Instructions to follow – In the records below, the relevant part opens with the line containing "Élvezd a gyors" and closes with the line containing "又讯。10月12日下午,wi"; print that part exactly and only, without its pictures.

Input data –
<<<<

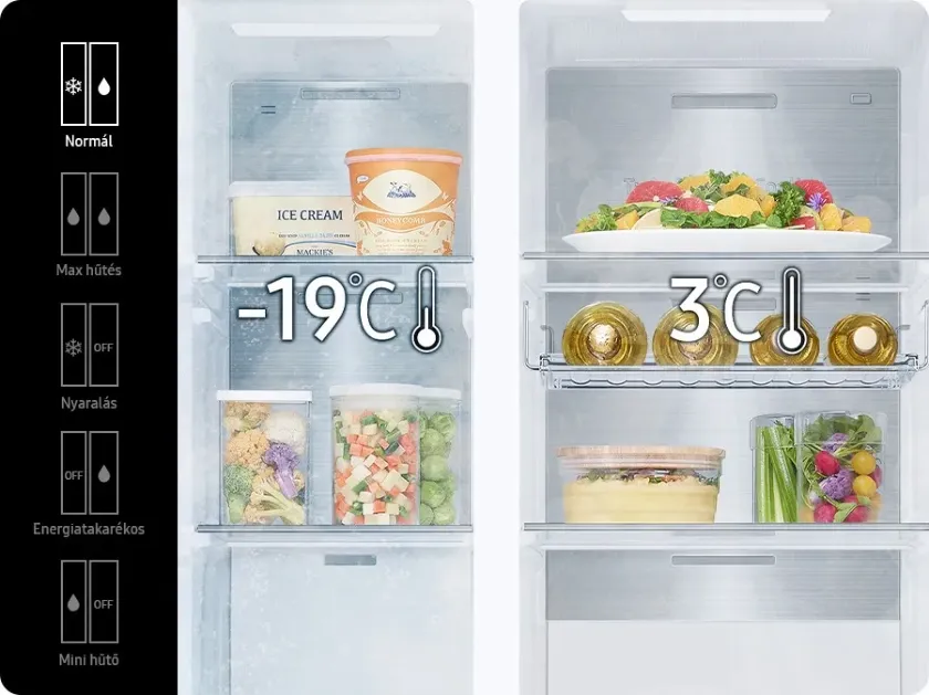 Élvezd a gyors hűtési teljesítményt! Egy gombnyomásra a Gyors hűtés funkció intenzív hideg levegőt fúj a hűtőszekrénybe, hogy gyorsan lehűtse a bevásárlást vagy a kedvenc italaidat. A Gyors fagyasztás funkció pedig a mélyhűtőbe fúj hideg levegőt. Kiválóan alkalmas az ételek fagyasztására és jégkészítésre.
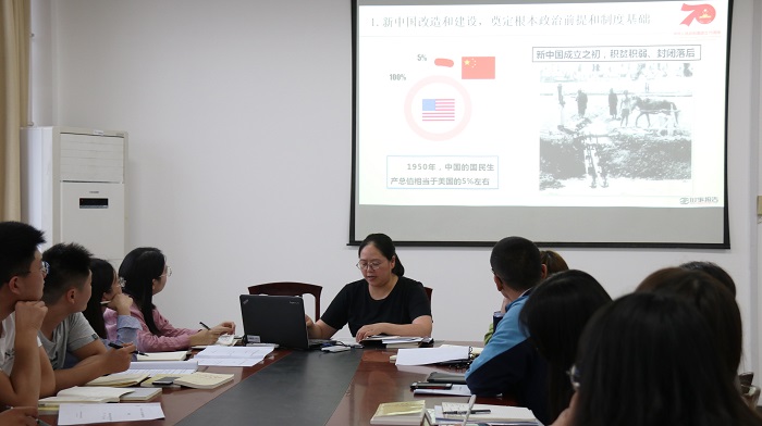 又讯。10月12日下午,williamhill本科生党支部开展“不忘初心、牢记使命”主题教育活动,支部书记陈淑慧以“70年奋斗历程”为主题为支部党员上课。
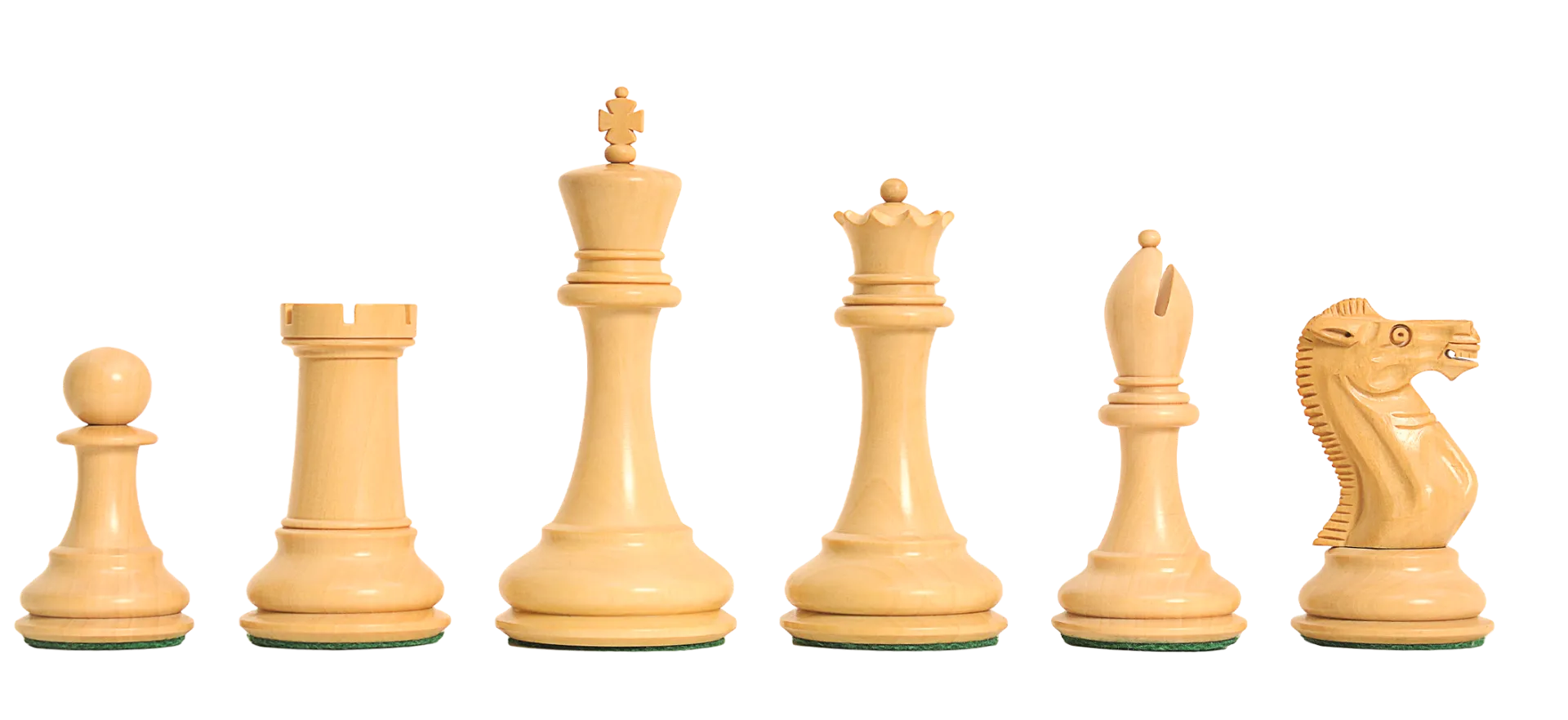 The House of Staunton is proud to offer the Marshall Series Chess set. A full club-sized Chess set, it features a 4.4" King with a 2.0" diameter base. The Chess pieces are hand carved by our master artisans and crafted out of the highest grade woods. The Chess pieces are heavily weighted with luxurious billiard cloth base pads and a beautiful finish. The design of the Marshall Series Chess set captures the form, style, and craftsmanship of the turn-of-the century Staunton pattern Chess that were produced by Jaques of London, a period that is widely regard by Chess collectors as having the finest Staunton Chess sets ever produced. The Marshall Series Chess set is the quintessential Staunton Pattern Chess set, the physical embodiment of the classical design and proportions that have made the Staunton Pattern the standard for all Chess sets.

>>>>
<<<<

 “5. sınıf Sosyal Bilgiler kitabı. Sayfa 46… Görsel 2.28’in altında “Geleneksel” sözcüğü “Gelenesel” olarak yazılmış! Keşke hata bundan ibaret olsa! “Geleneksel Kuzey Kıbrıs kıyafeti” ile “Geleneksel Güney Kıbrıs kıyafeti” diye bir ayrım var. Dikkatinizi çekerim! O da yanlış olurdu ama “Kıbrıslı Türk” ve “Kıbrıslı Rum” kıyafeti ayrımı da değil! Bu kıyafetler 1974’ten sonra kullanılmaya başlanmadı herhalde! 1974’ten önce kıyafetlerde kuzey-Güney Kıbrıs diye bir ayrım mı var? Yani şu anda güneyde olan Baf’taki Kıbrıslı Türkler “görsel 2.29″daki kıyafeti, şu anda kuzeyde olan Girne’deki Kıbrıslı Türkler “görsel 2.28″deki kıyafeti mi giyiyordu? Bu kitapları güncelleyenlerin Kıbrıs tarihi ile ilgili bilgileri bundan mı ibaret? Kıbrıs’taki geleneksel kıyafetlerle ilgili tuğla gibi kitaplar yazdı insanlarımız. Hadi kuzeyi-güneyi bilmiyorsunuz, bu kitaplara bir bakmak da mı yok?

>>>>
<<<<

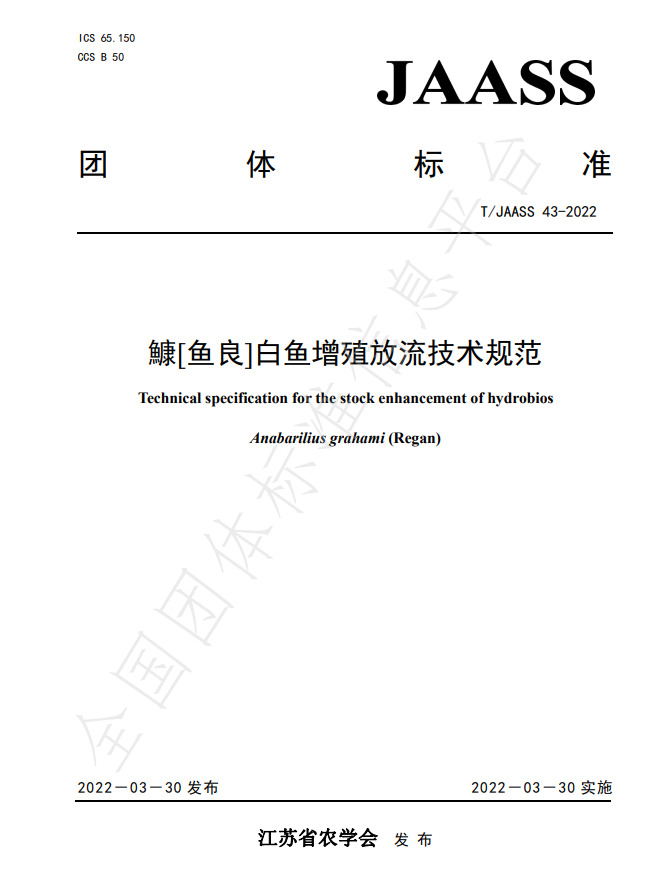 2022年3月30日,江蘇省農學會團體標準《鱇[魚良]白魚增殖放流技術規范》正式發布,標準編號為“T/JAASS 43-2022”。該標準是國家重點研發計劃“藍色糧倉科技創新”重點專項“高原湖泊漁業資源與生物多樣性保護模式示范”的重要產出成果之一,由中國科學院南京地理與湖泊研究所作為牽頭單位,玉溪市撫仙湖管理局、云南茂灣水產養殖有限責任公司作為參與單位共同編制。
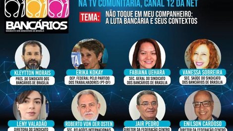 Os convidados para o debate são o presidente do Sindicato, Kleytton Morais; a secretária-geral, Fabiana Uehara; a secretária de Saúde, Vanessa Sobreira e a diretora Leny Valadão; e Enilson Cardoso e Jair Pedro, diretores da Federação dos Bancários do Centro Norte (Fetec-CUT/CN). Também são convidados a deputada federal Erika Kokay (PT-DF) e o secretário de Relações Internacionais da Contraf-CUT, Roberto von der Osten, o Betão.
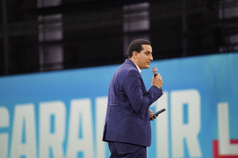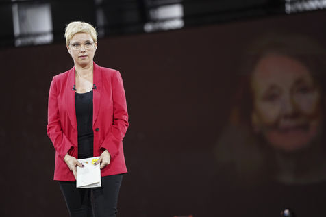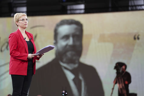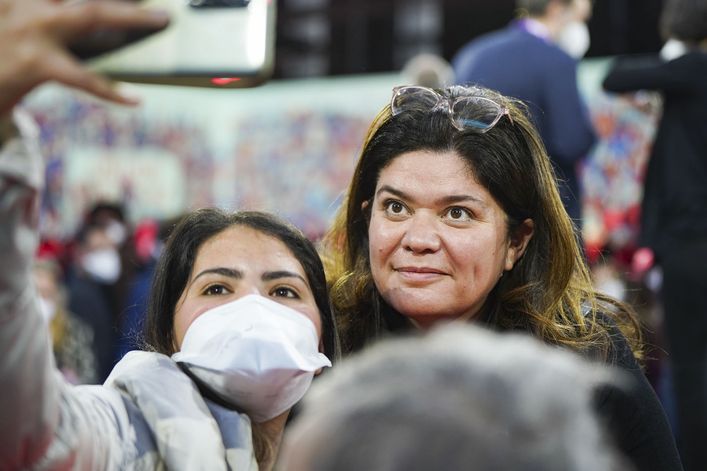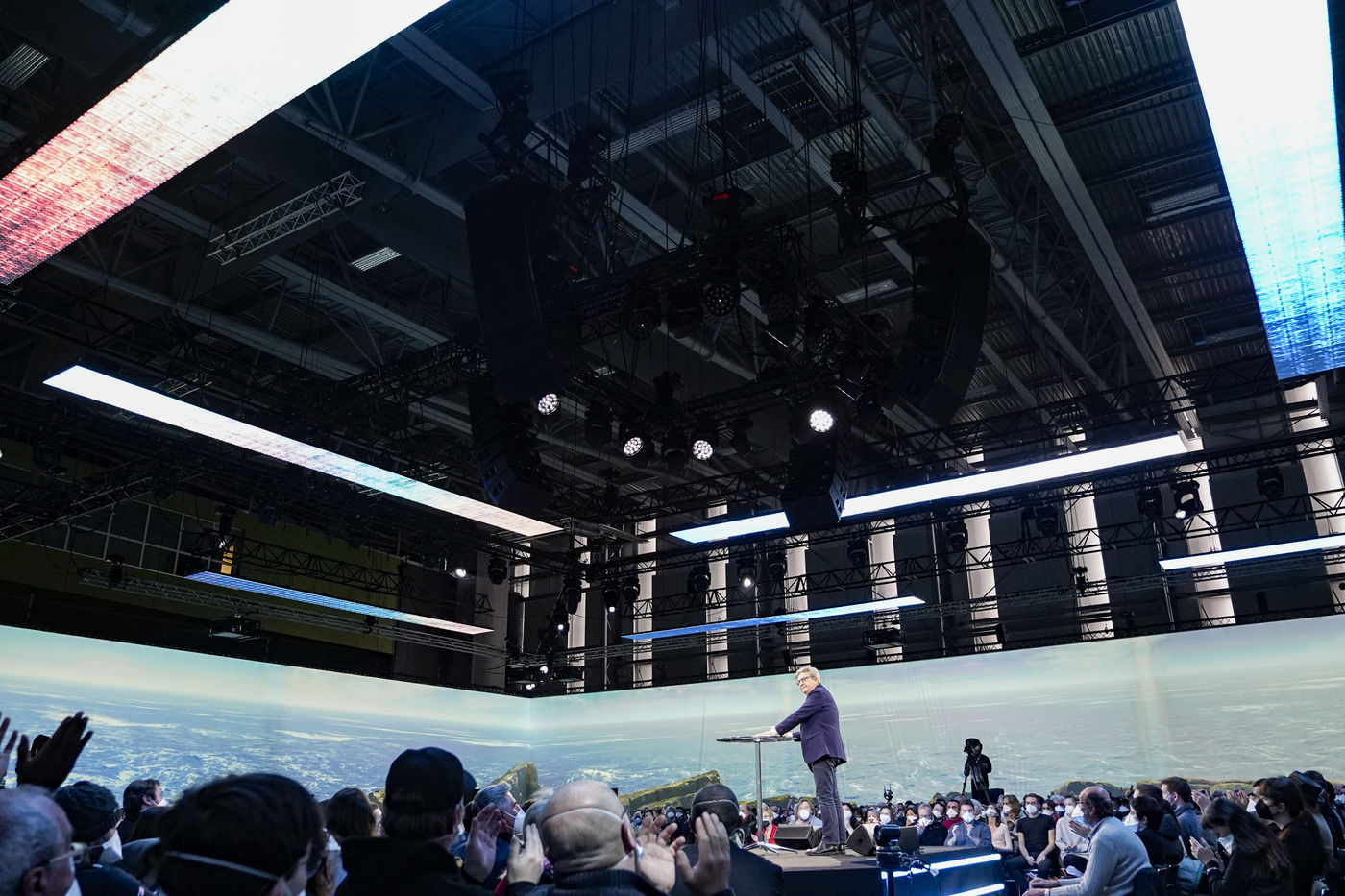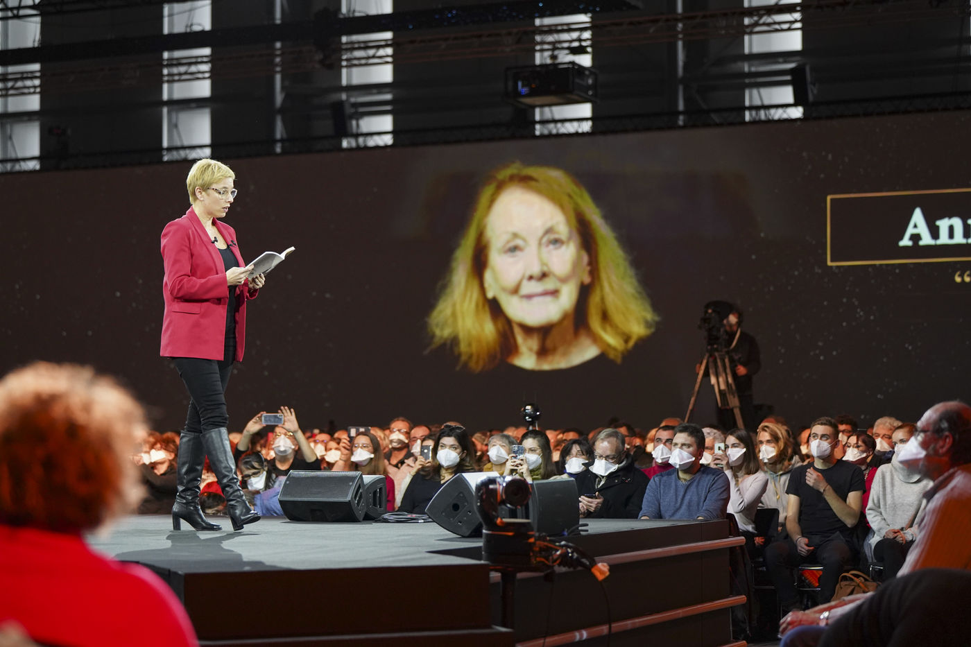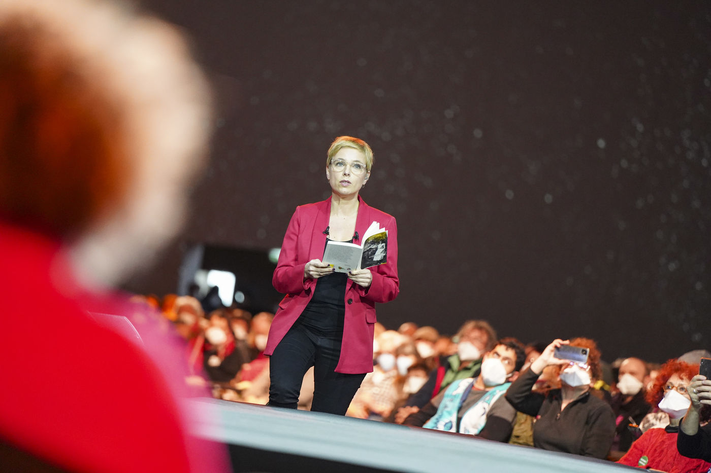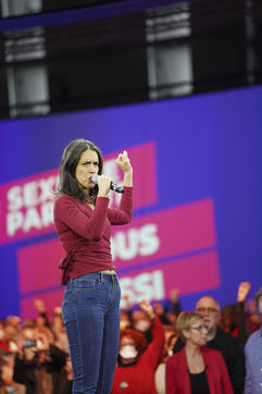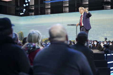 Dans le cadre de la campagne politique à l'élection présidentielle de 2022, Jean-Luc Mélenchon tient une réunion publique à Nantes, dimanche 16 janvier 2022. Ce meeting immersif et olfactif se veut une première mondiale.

>>>>

Problem solution –
 Élvezd a gyors hűtési teljesítményt! Egy gombnyomásra a Gyors hűtés funkció intenzív hideg levegőt fúj a hűtőszekrénybe, hogy gyorsan lehűtse a bevásárlást vagy a kedvenc italaidat. A Gyors fagyasztás funkció pedig a mélyhűtőbe fúj hideg levegőt. Kiválóan alkalmas az ételek fagyasztására és jégkészítésre.
 又讯。10月12日下午,williamhill本科生党支部开展“不忘初心、牢记使命”主题教育活动,支部书记陈淑慧以“70年奋斗历程”为主题为支部党员上课。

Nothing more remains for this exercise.